» Exercise: The response should contain all of the data below, reproduced exactly, and no pictures.

» Dataset excerpt:
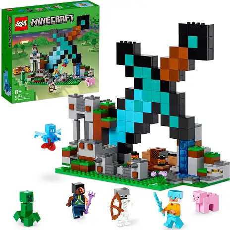 Børn kan bygge en kæmpestor diamantsværd-base i en bjergside og forsvare den mod angreb fra fjendtlige mobs. Basen indeholder et bord, en småkage og en jukebox, hvor de kan “afspille” en plade. Udenfor står en skildvagt og en vogterkriger vagt. Der er ekstra ildkraft i to skydere, som er placeret foran på basen. De fjendtlige mobs er en Creeper™ og et skelet. Venligtsindede mobs er en gris og en allay med folievinger. Et håndtag nederst på tårnet udløser en eksplosion, der får en del af konstruktionen til at falde sammen.
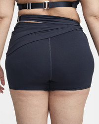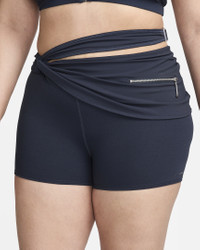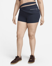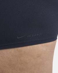 French fashion designer Simon Porte Jacquemus reunites with Nike to create a one-of-a-kind collection. Soft, smooth and stretchy—these modish shorts keep you feeling comfortable and confident. The wraparound waist includes a small pocket and metal hardware, adding a polished and practical finish to your asymmetrical look. Product Details - Body: 70% Nylon/30% Spandex. Overlay/Lining: 71% Nylon/29% Spandex. - Machine wash - Imported - Shown: Dark Obsidian - Style: FJ3266-475 SIZE & FIT Model is wearing size M and is 5′9″175cm Standard fit: easy and traditional
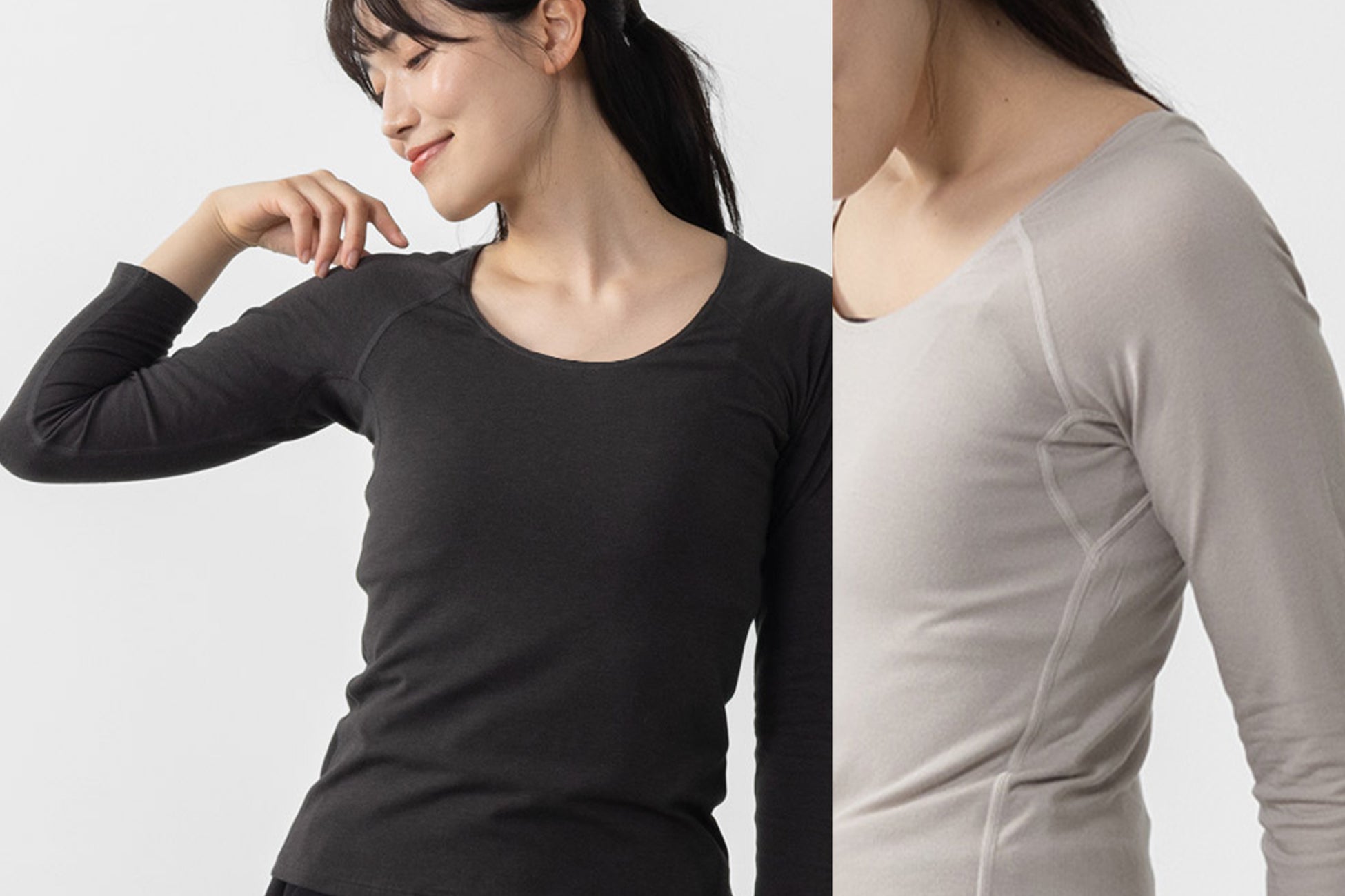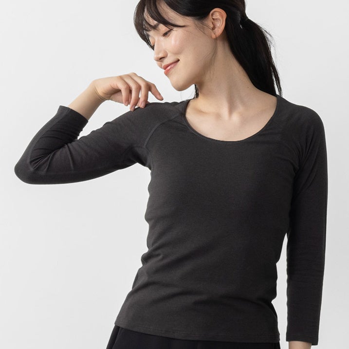 肩や腕が動かしやすく、ズレにくいオリジナル設計で、家事や育児、通勤など日常の動作もスムーズに。寒暖差のある日でも、重ね着しても、快適に過ごせるあたたかインナーの登場です。
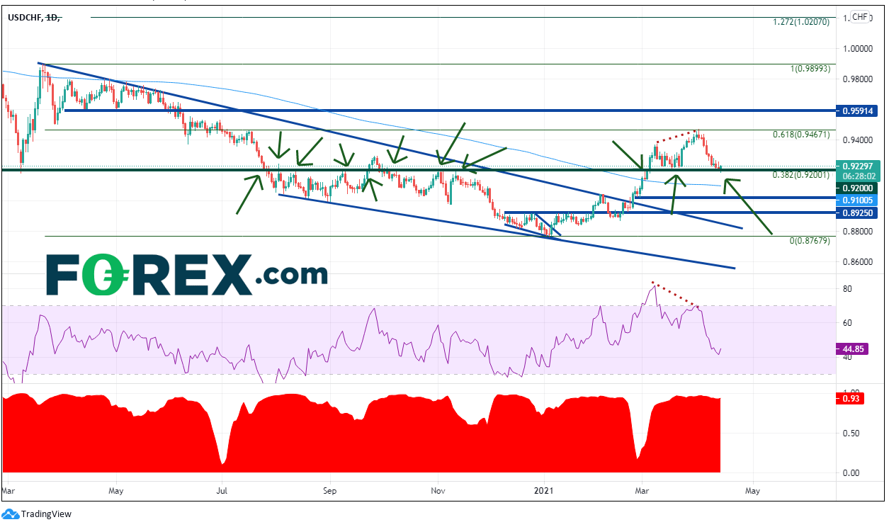 本文来自于嘉盛集团特别供稿,外汇及CFD交易可能会为您的投资带来机会与风险。 众所周知,美元指数(DXY)和美元/瑞郎之间存在正相关,而且相关性通常十分强劲。因此,当无法交投美元指数时,交易员有时会将美元/瑞郎作为其代理进行交易。除2月底一轮短暂走低外,这两种资产间的相关性在2021年大部分时间都高于+0.90。目

» Task response:
 Børn kan bygge en kæmpestor diamantsværd-base i en bjergside og forsvare den mod angreb fra fjendtlige mobs. Basen indeholder et bord, en småkage og en jukebox, hvor de kan “afspille” en plade. Udenfor står en skildvagt og en vogterkriger vagt. Der er ekstra ildkraft i to skydere, som er placeret foran på basen. De fjendtlige mobs er en Creeper™ og et skelet. Venligtsindede mobs er en gris og en allay med folievinger. Et håndtag nederst på tårnet udløser en eksplosion, der får en del af konstruktionen til at falde sammen.
 French fashion designer Simon Porte Jacquemus reunites with Nike to create a one-of-a-kind collection. Soft, smooth and stretchy—these modish shorts keep you feeling comfortable and confident. The wraparound waist includes a small pocket and metal hardware, adding a polished and practical finish to your asymmetrical look. Product Details - Body: 70% Nylon/30% Spandex. Overlay/Lining: 71% Nylon/29% Spandex. - Machine wash - Imported - Shown: Dark Obsidian - Style: FJ3266-475 SIZE & FIT Model is wearing size M and is 5′9″175cm Standard fit: easy and traditional
 肩や腕が動かしやすく、ズレにくいオリジナル設計で、家事や育児、通勤など日常の動作もスムーズに。寒暖差のある日でも、重ね着しても、快適に過ごせるあたたかインナーの登場です。
 本文来自于嘉盛集团特别供稿,外汇及CFD交易可能会为您的投资带来机会与风险。 众所周知,美元指数(DXY)和美元/瑞郎之间存在正相关,而且相关性通常十分强劲。因此,当无法交投美元指数时,交易员有时会将美元/瑞郎作为其代理进行交易。除2月底一轮短暂走低外,这两种资产间的相关性在2021年大部分时间都高于+0.90。目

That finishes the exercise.